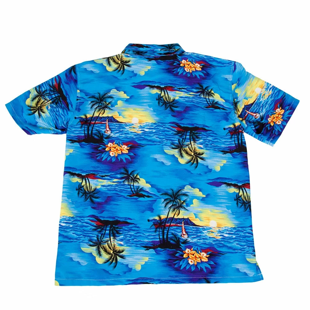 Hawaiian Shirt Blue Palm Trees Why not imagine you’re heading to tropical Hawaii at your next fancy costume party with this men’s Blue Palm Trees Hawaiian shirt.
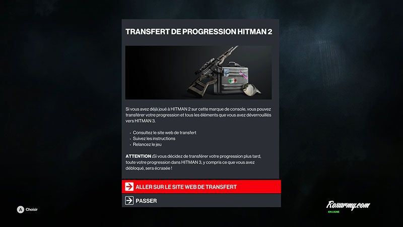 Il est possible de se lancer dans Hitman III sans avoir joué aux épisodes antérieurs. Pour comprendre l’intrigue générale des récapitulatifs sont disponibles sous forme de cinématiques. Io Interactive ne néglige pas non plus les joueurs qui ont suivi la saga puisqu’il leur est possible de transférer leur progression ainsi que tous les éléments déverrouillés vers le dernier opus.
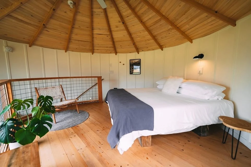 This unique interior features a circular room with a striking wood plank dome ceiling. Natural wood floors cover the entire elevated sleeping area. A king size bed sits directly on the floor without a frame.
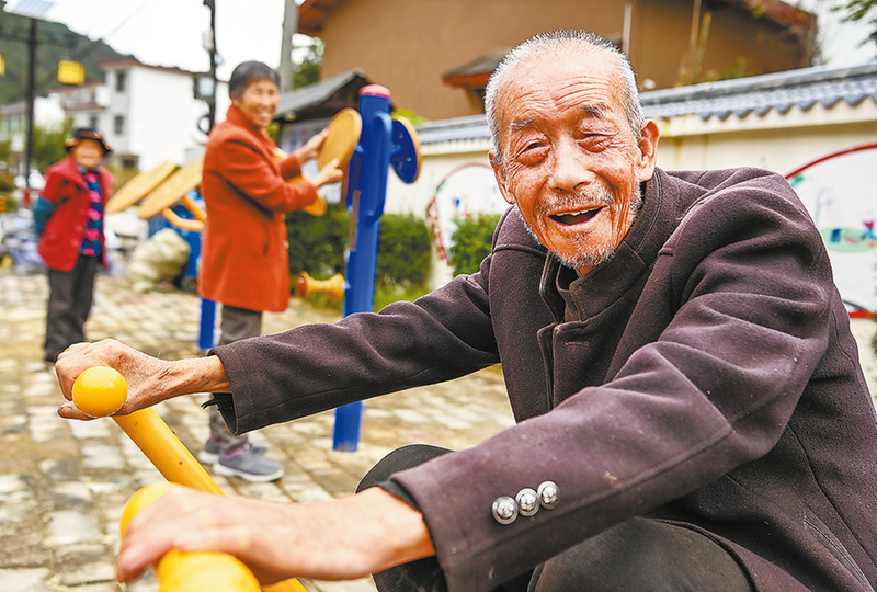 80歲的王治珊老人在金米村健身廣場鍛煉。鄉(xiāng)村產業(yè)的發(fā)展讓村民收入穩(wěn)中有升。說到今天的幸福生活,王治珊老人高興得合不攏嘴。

...

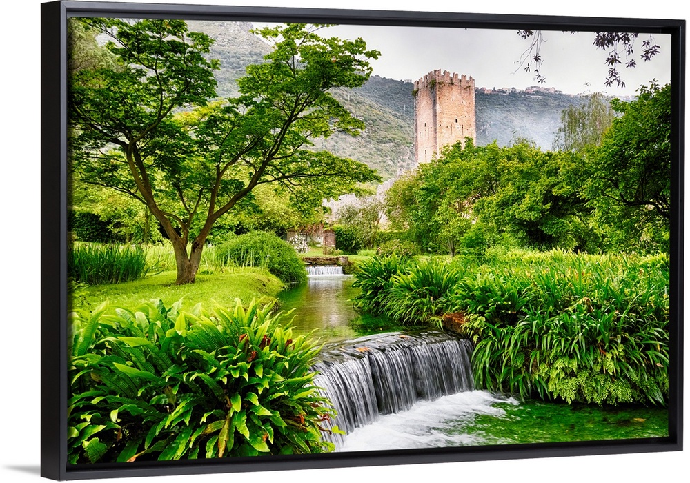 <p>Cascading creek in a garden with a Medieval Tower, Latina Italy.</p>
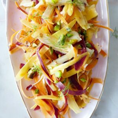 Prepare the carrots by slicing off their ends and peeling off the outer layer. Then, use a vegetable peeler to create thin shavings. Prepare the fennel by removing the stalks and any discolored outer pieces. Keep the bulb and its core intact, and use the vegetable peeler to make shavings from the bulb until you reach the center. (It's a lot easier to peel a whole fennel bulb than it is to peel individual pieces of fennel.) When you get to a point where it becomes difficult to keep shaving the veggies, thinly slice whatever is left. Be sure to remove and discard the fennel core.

Prompt: Only one stretch of the data is wanted: write out exactly the lines from the one holding "This unique interior" through the one holding "80歲的王治珊老人在金米村健", both included, without the pictures.

Written answer:
 This unique interior features a circular room with a striking wood plank dome ceiling. Natural wood floors cover the entire elevated sleeping area. A king size bed sits directly on the floor without a frame.
 80歲的王治珊老人在金米村健身廣場鍛煉。鄉(xiāng)村產業(yè)的發(fā)展讓村民收入穩(wěn)中有升。說到今天的幸福生活,王治珊老人高興得合不攏嘴。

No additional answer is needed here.